Where in Scandinavia is the Selfish Seamstress headed? How bad will her jetlag be and how many times will she fall asleep in her all day meetings? Will she have time to go to Marimekko despite her all day meetings? Will she once again refrain from buying Pieni Unikko fabric on account of the fact that she doesn’t know how to handle the strong horizontal and vertical elements of the print in a garment she’d want to wear? Will she spend her entire three hour stopover in Frankfurt going to every newsstand looking for issues of Patrones and La Mia Boutique? How about on her return trip? How many fried muikku can she fit in her mouth at once? Why isn’t there an English Wikipedia page for muikku? Oh, I guess there is. Since when is “reindeer” just another word for caribou and why don’t they look anything like the animals that pull Santa’s sleigh? Will she be able to find the long skinny fruity licorice ropes that Dan wants even though she can’t even find a picture of them on the web? Is it going to be as freezing cold as it was last time she was there? Do any of you know of other good places for fabric in Helsinki?

Find out the answers to some (but not all!) of these questions and lots more about when the Selfish Seamstress brings you “The Selfish Seamstress: Helsinki Edition“! Just because she’s not sewing in Finland doesn’t mean she’s going to stop yapping.

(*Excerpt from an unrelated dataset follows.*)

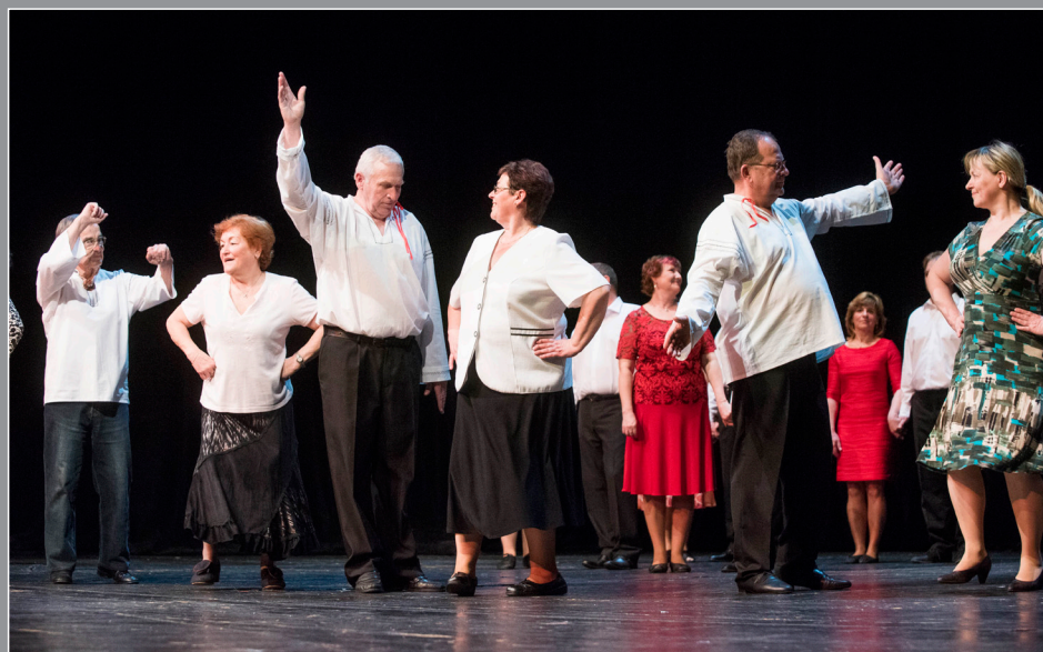
Kašava tančí, zpívá a hraje... už 45 let, Městské divadlo Zlín, 17. 4. 2016

[And, ugh.  While I’m in transit and without means to engage in online blog warfare with my foes, can someone please head over to Male Pattern Suckness and kindly tell Peter that lies, libel, and polyester hair are all extremely unbecoming? Seriously, what is that guy’s problem?? Maybe try to use the words “jerkface” or “doodyhead”? If anyone would be so kind as to defend my honor as a selfish b, that would be just super.  Thanks!]